§ **Task requirements**
Every line from the line containing "12 おりづるタワーから見た旧広島市民球場跡地、広島城方向" through the end of the data is to be reproduced exactly, excluding pictures.

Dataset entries

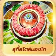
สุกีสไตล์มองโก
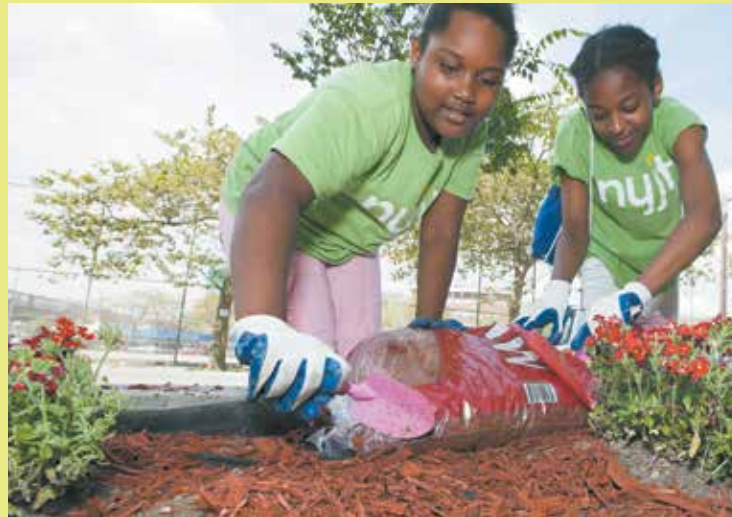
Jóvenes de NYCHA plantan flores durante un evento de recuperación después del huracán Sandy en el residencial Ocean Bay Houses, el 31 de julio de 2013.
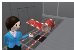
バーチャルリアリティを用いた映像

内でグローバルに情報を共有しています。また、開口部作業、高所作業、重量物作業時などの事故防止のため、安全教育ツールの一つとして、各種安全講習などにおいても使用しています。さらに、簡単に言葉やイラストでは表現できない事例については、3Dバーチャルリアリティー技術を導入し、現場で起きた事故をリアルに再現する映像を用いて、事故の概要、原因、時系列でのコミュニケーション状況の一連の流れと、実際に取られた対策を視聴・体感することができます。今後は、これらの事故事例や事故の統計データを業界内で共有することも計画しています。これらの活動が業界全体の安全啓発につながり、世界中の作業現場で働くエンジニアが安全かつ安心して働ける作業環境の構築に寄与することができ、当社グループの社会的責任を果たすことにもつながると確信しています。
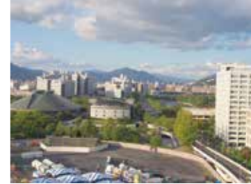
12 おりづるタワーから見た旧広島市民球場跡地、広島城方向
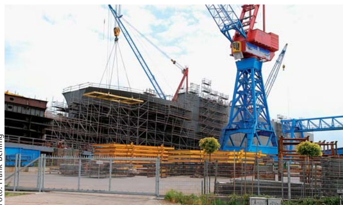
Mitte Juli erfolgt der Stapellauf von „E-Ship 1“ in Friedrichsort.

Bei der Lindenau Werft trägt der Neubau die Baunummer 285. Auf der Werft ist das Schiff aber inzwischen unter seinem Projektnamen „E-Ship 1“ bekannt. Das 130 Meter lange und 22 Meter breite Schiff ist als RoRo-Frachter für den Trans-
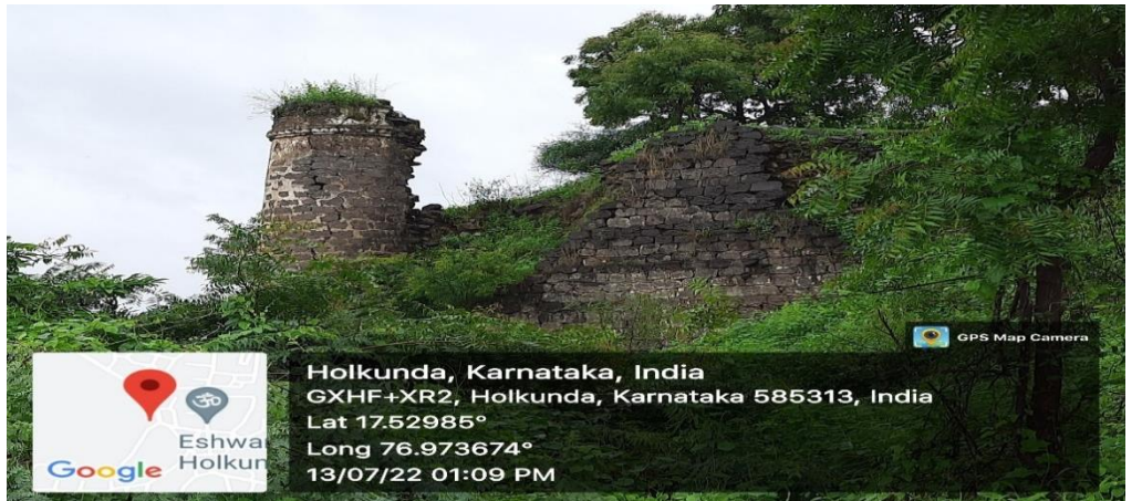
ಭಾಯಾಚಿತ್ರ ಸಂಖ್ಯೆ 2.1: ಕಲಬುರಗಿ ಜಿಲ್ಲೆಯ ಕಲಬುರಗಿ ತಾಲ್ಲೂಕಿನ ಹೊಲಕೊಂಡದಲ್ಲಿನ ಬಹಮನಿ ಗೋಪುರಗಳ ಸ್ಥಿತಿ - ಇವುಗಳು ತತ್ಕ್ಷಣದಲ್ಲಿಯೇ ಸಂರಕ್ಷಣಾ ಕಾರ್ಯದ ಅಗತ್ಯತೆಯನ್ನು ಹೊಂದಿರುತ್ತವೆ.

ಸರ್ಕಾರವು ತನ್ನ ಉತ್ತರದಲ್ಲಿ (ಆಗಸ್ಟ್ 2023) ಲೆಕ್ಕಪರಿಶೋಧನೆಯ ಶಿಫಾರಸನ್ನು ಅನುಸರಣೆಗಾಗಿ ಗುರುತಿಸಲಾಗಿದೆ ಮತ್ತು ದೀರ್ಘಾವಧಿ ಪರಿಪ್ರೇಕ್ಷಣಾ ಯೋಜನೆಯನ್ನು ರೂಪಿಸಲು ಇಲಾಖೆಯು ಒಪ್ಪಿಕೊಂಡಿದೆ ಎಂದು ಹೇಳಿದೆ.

§ **Task answer**
12 おりづるタワーから見た旧広島市民球場跡地、広島城方向
Mitte Juli erfolgt der Stapellauf von „E-Ship 1“ in Friedrichsort.

Bei der Lindenau Werft trägt der Neubau die Baunummer 285. Auf der Werft ist das Schiff aber inzwischen unter seinem Projektnamen „E-Ship 1“ bekannt. Das 130 Meter lange und 22 Meter breite Schiff ist als RoRo-Frachter für den Trans-
ಭಾಯಾಚಿತ್ರ ಸಂಖ್ಯೆ 2.1: ಕಲಬುರಗಿ ಜಿಲ್ಲೆಯ ಕಲಬುರಗಿ ತಾಲ್ಲೂಕಿನ ಹೊಲಕೊಂಡದಲ್ಲಿನ ಬಹಮನಿ ಗೋಪುರಗಳ ಸ್ಥಿತಿ - ಇವುಗಳು ತತ್ಕ್ಷಣದಲ್ಲಿಯೇ ಸಂರಕ್ಷಣಾ ಕಾರ್ಯದ ಅಗತ್ಯತೆಯನ್ನು ಹೊಂದಿರುತ್ತವೆ.

ಸರ್ಕಾರವು ತನ್ನ ಉತ್ತರದಲ್ಲಿ (ಆಗಸ್ಟ್ 2023) ಲೆಕ್ಕಪರಿಶೋಧನೆಯ ಶಿಫಾರಸನ್ನು ಅನುಸರಣೆಗಾಗಿ ಗುರುತಿಸಲಾಗಿದೆ ಮತ್ತು ದೀರ್ಘಾವಧಿ ಪರಿಪ್ರೇಕ್ಷಣಾ ಯೋಜನೆಯನ್ನು ರೂಪಿಸಲು ಇಲಾಖೆಯು ಒಪ್ಪಿಕೊಂಡಿದೆ ಎಂದು ಹೇಳಿದೆ.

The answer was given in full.